The regulation introduces certain safeguards, including that the sale price must be at least equal to the market opening price and that the DGT determines the sale window and quantity. Securities-broker fees, taxes, and administrative costs are deducted from the proceeds. Unlike traditional auctions of physical assets, sale of shares under this regulation occurs directly in the stock exchange, making enforcement faster and aligned with market mechanisms.
- Settlement
Following the sale of shares, the process moves into settlement. The sale proceeds are credited to the DGT’s accounts. Any and all costs incurred in connection with the share sale process, including transfer costs, brokerage fees, taxes, custody, and/or administrative expenses, shall be accounted for and offset against the proceeds of such share sale. If the transfer of shares generates excess value beyond the tax liability and collection costs, the DGT is required to return the surplus funds or remaining shares to the taxpayer.
Implications for Stakeholders
From the perspective of investors, Regulation 26/2025 significantly expands the real enforcement risk for taxpayers holding marketable securities. Capital market portfolios are no longer “safe” from tax enforcement but are now fully operational objects of collection, as the regulation integrates tax enforcement directly into the infrastructure of the capital market. In addition, the regulation also increases transparency between DGT, OJK, KSEI, securities-broker, and custodian bank – allowing them to cooperate in providing data and executing the enforcement. Further, forced sale of shares may occur without considering best timing, potentially during volatile market conditions or when large sales push prices down. From commercial perspective, tax enforcement is no longer merely a legal compliance issue but also a portfolio value risk, as it creates a risk to investment value.
The seizure and sale of shares may affect voting rights composition, ownership structure, financing arrangements, and public disclosure obligations.

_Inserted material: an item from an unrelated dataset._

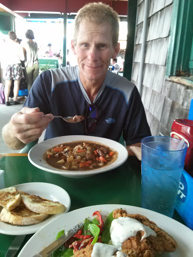 We sat on the patio since were allowed to have our dog. We ordered the nachos with chicken and it is a good thing the waitress told us how big it was. The nachos were layered with toppings top to bottom. The nachos were really good. We had a lobster roll, and while expensive, tasty. They have a great selection of local craft beers. Had our first, and only exposure to a Maine hotdog, it is pink. Fortunately it was for the dog.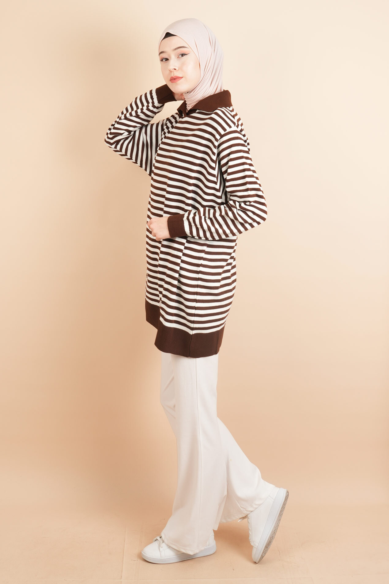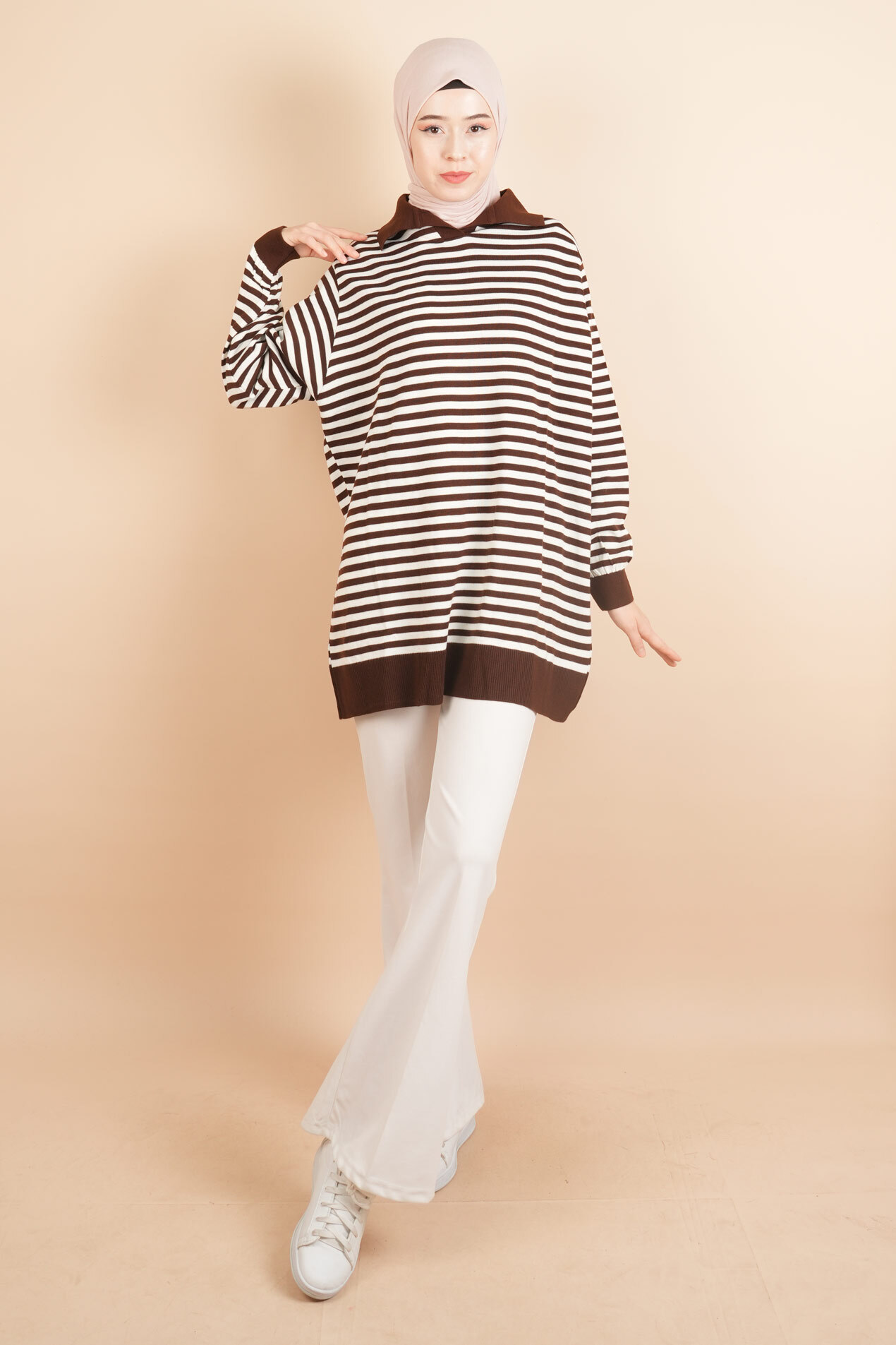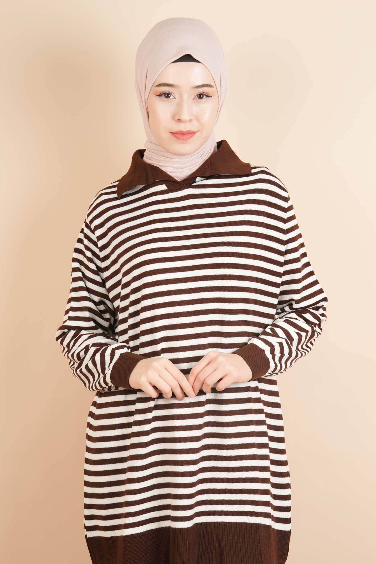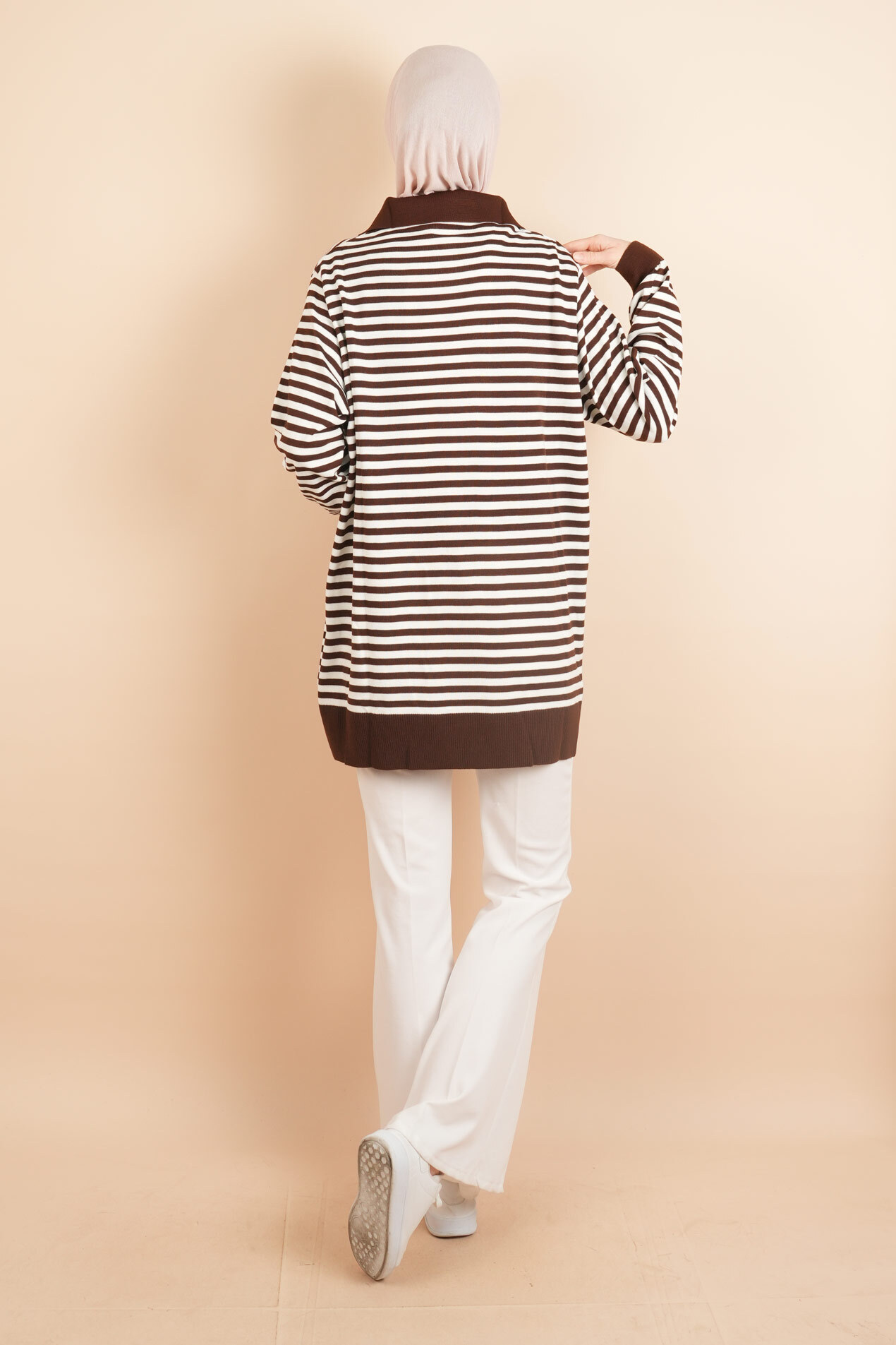 İnce Çizgili Polo Yaka Tunik Kazak Kahverengi

Changes in significant shareholdings triggered by tax enforcement may also intersect with capital market obligations such as reporting and corporate control.
Conclusion
Regulation 26/2025 marks a significant development in Indonesian tax enforcement by integrating the capital market ecosystem into the collection framework. The tax authority now has a clear operational mechanism to block, seize, and liquidate listed shares to recover unpaid tax debts.
In light of Regulation 26/2025, taxpayers with investments in publicly traded shares should observe its compliance and begin viewing tax risk alongside portfolio risk in order to avoid forced liquidation and business disruption. Early engagement with the tax authority should be considered to prevent escalation from administrative compliance into coercive market liquidation.